В ту ночь река вышла из берегов, затопила плесы по пригородам. Два дня спустя мальчика похоронили на кладбище, в двух шагах от его дома. Яков из своего окна над конюшней видел запорошенные апрельским снегом деревья, а среди деревьев и убогих могил черную толпу, в числе других богомольцев с посохами. Когда гроб опускали в могилу, взвились сотни листовок: ЕВРЕИ ВИНОВАТЫ. Неделю спустя киевский Союз русского народа вместе с членами Общества двуглавого орла водрузили на могиле мальчика большой деревянный крест – Яков смотрел издали, – одновременно, согласно вечерним газетам, призывая всех добрых христиан к новому крестовому походу против врагов-евреев. «Они хотят не больше не меньше как отнять у нас жизнь и Отечество! Русские! Берегите детей своих! Отмстите за безвинную жертву!» Ужасно, думал Яков, они затевают погром. Прошко во дворе щеголял двуглавым орлом на кожаном фартуке. На другое утро, чуть свет, мастер бросился в ту печатню, где заказал фальшивые бумаги, но печатню, оказалось, спалили. Он метнулся к себе, судорожно пересчитал рубли – хватит ли на дорогу до Амстердама, а то до Нью-Йорка.
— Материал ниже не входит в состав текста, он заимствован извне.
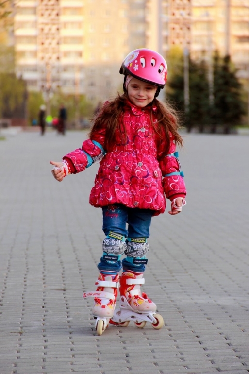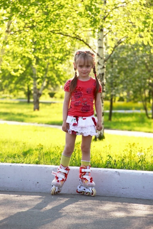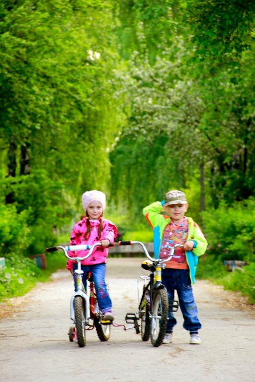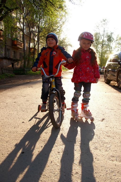 Начали с Игорька, он лучше доставал педали, а Лёльке одели ролики, в итоге обкатывания в течение двух недель в мае (май удался теплый, я даже хорошо загорела к лету)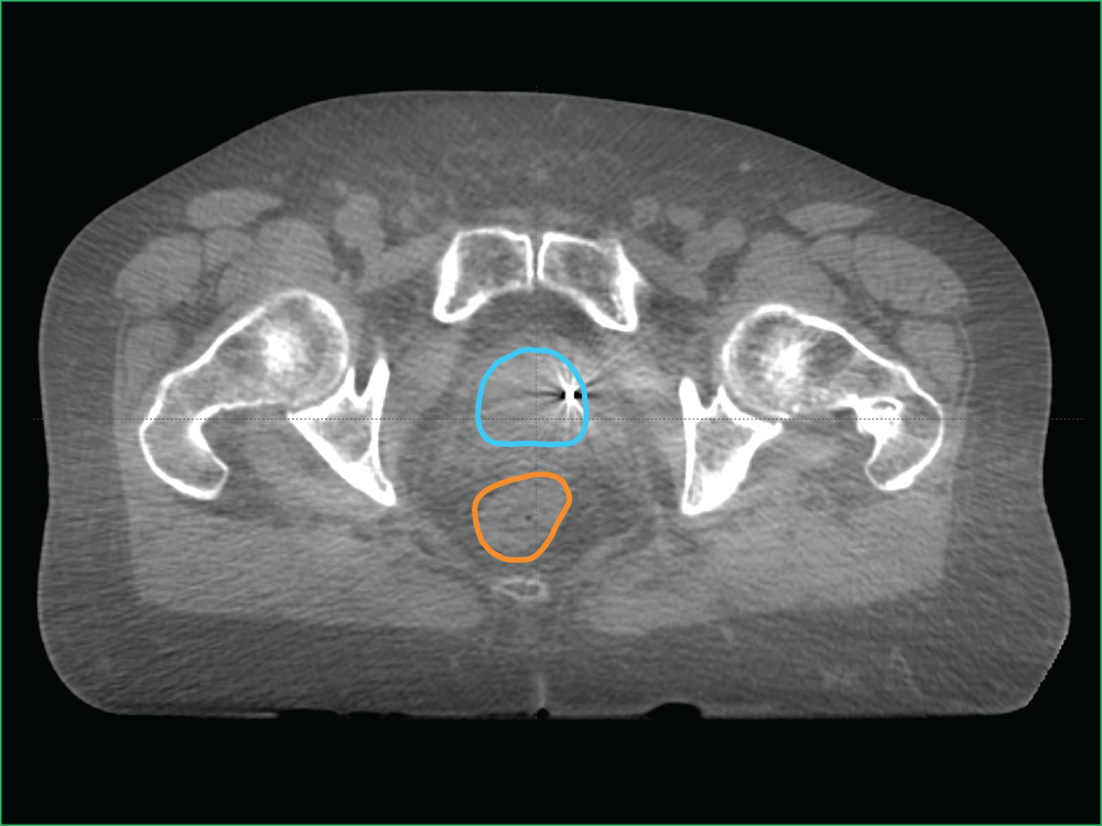 - Planned target volume outlined in blue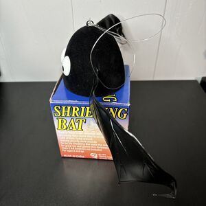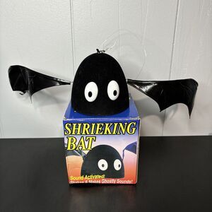 Get ready to add some spooky fun to your Halloween decor with this Gemmy 1991 Shrieking Shaking Bat W Box. This 90's Halloween prop works and hangs, but unfortunately, it does not come with any sound effects. The black color of the bat and the mixed material of the prop make it a great addition to any Halloween decor.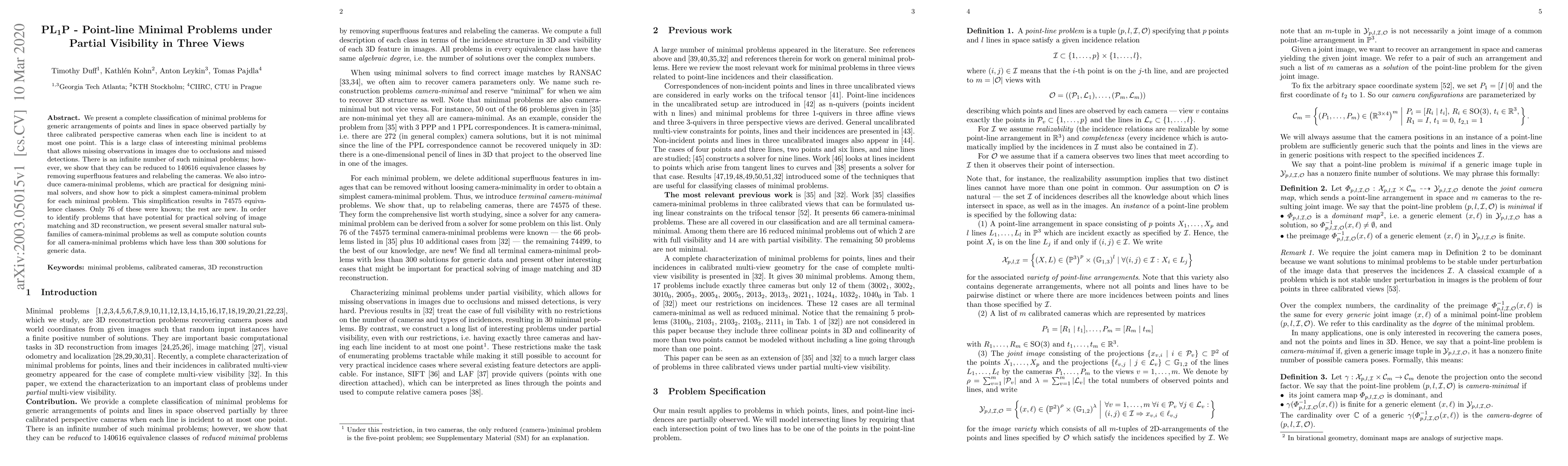 We present a complete classification of minimal problems for generic arrangements of points and lines in space observed partially by three calibrated perspective cameras when each line is incident to at most one point. This is a large class of interesting minimal problems that allows missing observations in images due to occlusions and missed detections. There is an infinite number of such minimal problems; however, we show that they can be reduced to 140616 equivalence classes by removing superfluous features and relabeling the cameras. We also introduce camera-minimal problems, which are practical for designing minimal solvers, and show how to pick a simplest camera-minimal problem for each minimal problem. This simplification results in 74575 equivalence classes. Only 76 of these were known; the rest are new. In order to identify problems that have potential for practical solving of image matching and 3D reconstruction, we present several smaller natural subfamilies of camera-minimal problems as well as compute solution counts for all camera-minimal problems which have less than 300 solutions for generic data.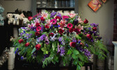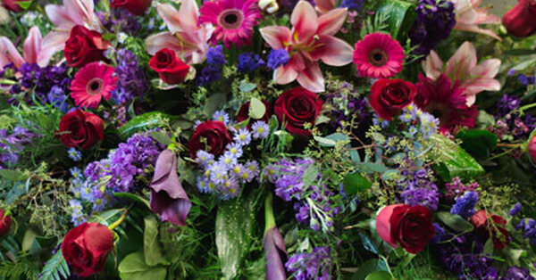 A beautiful array of pinks, purples and burgundys for a closed casket.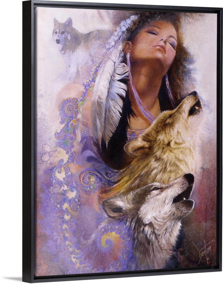 <p>A contemporary painting of a Native American woman with fractals streaming from the feathers in her hair leading down to the images of howling wolves.</p>
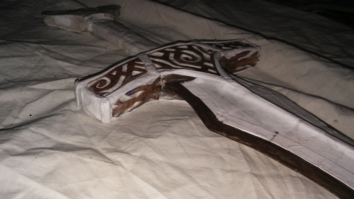 Я распечатал и склеил модель из пепакуры, всё укрепил и рельеф выложил полностью из папье-маше, низ из линолеума, немного ниток, саморезов, заклёпок и шайб. Покрашено чёрным акрилом и масляным металликом, позже ещё покрыл нитролаком и опять металликом (Всё так красил).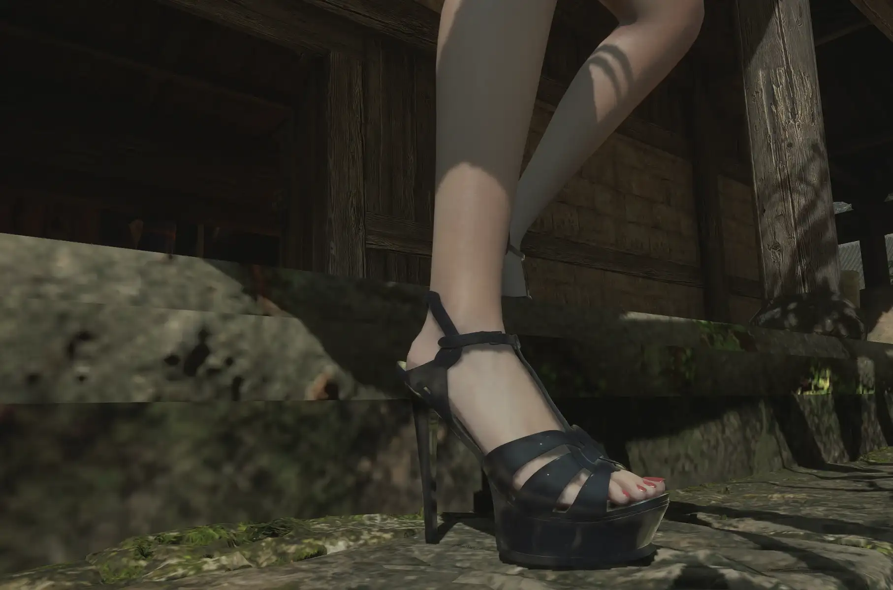 MOD特点:4色防水台高跟鞋+丝袜/光腿可选,完美适配游戏骨骼,无穿模。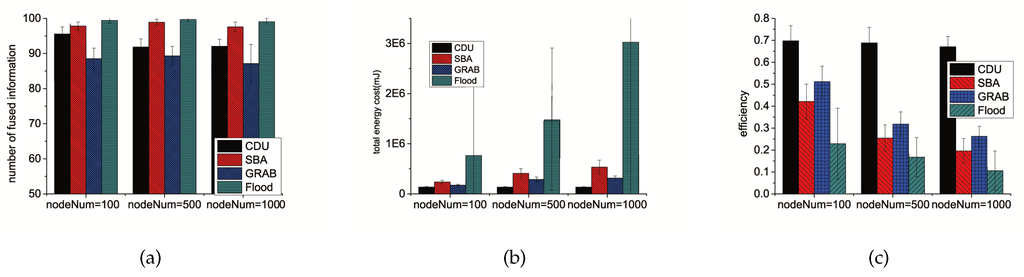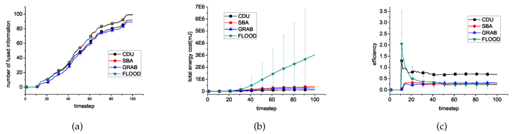 In general, Flooding and SBA can fuse almost all the information. Correspondingly, their energy cost is higher than CDU because of flooding’s no limitations on broadcast and SBA’s purpose to cover all sensors with all data until it is possible to fuse them. GRAB fuse less information than CDU while consuming more for the long path to relay data to the fixed sink node. The efficiency of CDU is the highest of these algorithms for its effective constraining broadcast of the useless data.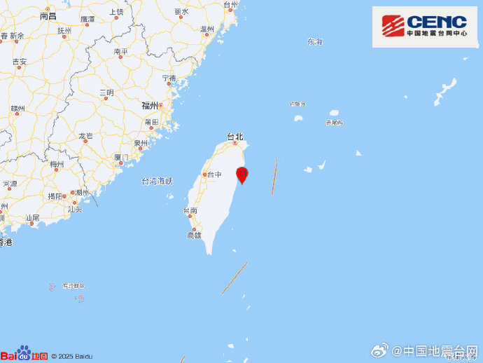 台灣花蓮縣海域發生4.3級地震。(中國地震台網)

Упаковал скудные пожитки, перебросил через плечо мешок с инструментом и стал спускаться по лестнице, но кто-то с рыжими усами, назвавшийся полковником Бодянским, главой киевской тайной полиции, несколько приставов, пятнадцать жандармов в белых шнурах поперек груди, полицейский наряд, несколько сыщиков в штатском и двое представителей генерального прокурора, всего человек тридцать, уже поднимались, взведя пистолеты, преграждая Якову путь.
– Именем Его Величества Государя Императора Николая Второго, – объявил рыжий полковник, – вы арестованы. Сопротивление равносильно смерти.
Мастер тотчас признался, что он еврей. Другой вины на нем нет никакой.
ЧАСТЬ ТРЕТЬЯ
1
В длинной высокой камере под мрачным, облезлым зданием окружного суда в торговой части Плосского, в нескольких верстах от Лукьяновского, от завода, Яков в неотступной тоске тщетно пытался изгнать из памяти этот вид: он идет в наручниках между двух рядов конных жандармов, а те, сабли наголо, звякая шпорами, его гонят по заснеженным улицам, уже слякотным от санных полозьев.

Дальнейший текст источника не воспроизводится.